主な設問と一位回答の結果は以下のとおり。
高校教育費の無償化(複数回答)
「所得制限を設けた上で授業料以外の教育費負担も軽減」30.9%
教職員数の増加(複数回答)
「35人学級の導入」52.9%
電子黒板の整備
「取りやめ」72.7%
教員免許更新制の存続について
「直ちに廃止する」43.5%
教員養成課程の6年制(複数回答)
「原則は4年制としたまま、教職大学院制度の充実を優先」47.8%
学校理事会構想
「反対」56.7%
教育監査委員会構想(教育委員会制度の抜本的見直し)
「反対」62.5%
マニフェスト以外に期待すること(複数回答)
「公財政支出引き上げ」88.1%
賛成・反対・その他という選択肢の設問もあれば、高校教育費の無償化のように「所得制限なしで無償化」「所得制限設け公私とも授業料無償化」「取りやめ」など複数回答可の設問もあるので、一位回答だからといって一概には判断できない面もあるが、一定の方向性が出ているとも言えるだろう。

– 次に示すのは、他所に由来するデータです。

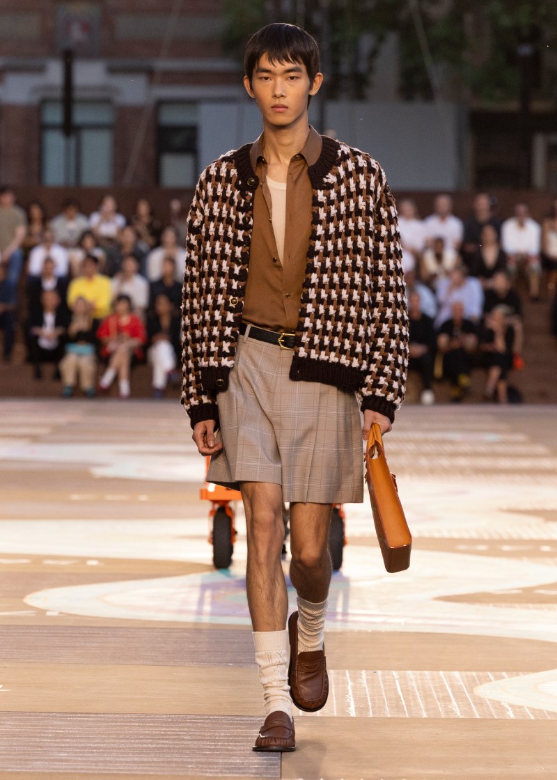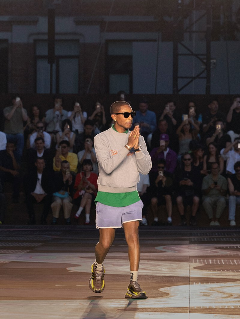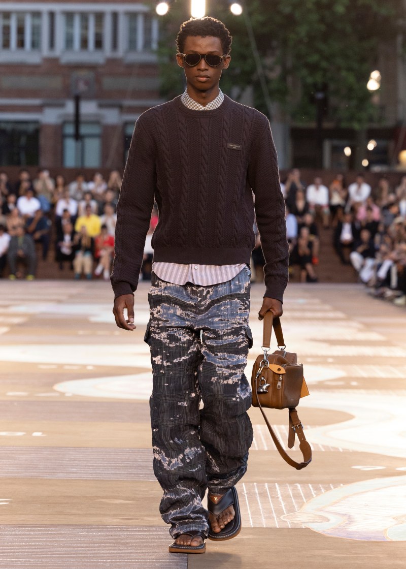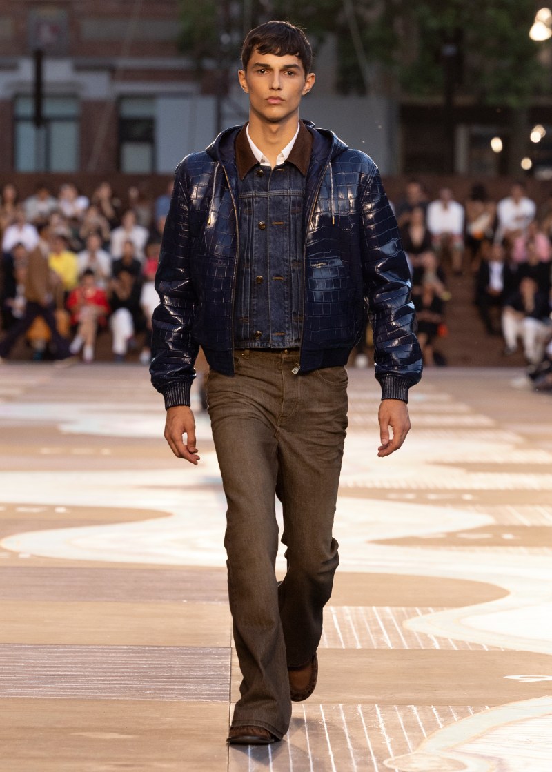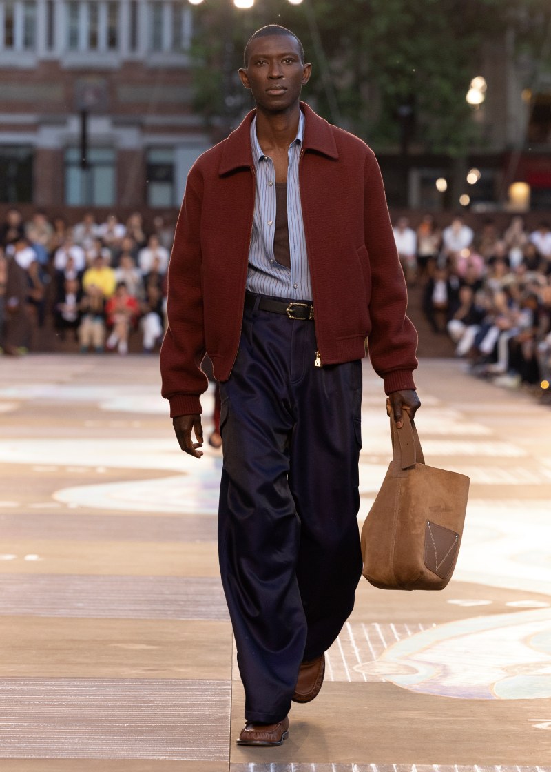 El theme de la sastrería es tan ubicuo que hasta el lado más casual y street de la colección se siente salido de lo tailoring. Los jerséis de punto se presentan con patrones y tramas mucho más complejas, mezclando chic parisino y flare indio; el pantalón de pinzas destaca como bermuda ultra corta; los chalecos y los polos se tejen con patrones tradicionales; el denim se tiñe de marrón en vez de azul (o se estampa con cuadros Príncipe de Gales). Todo apunta a lo neomenswear como apuesta por la sofisticación. Pero, como pieza statement, hay que mirar a la bomber de piel de cocodrilo azul medianoche para entender ese flare que tanto sabe hacer Pharrell.

全体の傾向としては、学校現場の多忙感、貧困家庭への対応への意識の高さがよくわかる。一方、教育制度改革に関連する項目に関しては、後ろ向きな回答傾向。近頃よく言われるように「改革疲れ」の空気が漂っているようだ。自由記述からは、政策そのものの検証不足を指摘する声や、現場を無視した改革への不満など、民主党マニフェストに対しても懐疑的な見方が多くあるように感じられる。
前政権時代に大きな話題となった「電子黒板の整備」については、「反対」が「推進」22.3%を大きく上回った。財政的な支援は歓迎すべきだが、もっとほかの事に使わせてほしいというのが本音だろう。
自由記述からは、「教員給与の増額」を求める声が目立つ。教員の質の向上のためには、教員養成課程6年制や教員免許更新制のように大学にその責を負わせるよりも、教員数の増加や待遇改善の方が実効があるというのが大方の見方だ。
だが、例えば指導力不足教員については、指導時間にゆとりがあった、待遇も比較的よかった時代を生きてきた世代にこそむしろ問題が多いとも言われている。待遇改善がすなわち教員の質の向上に結び付くかどうかは、やや希望的観測の面もあると言えるだろう。
反対に、全国学力調査や教員免許更新制の存続に対する肯定的な意見の中にも、教員の質の向上へのヒントがあるようだ。
いずれにせよ、現場の声を拾い上げるうえで、このようなアンケート調査は有効に活用できる。トップダウンでないとできない教育改革もあろうが、実効性を担保するには現場の声を知ることも重要だろう。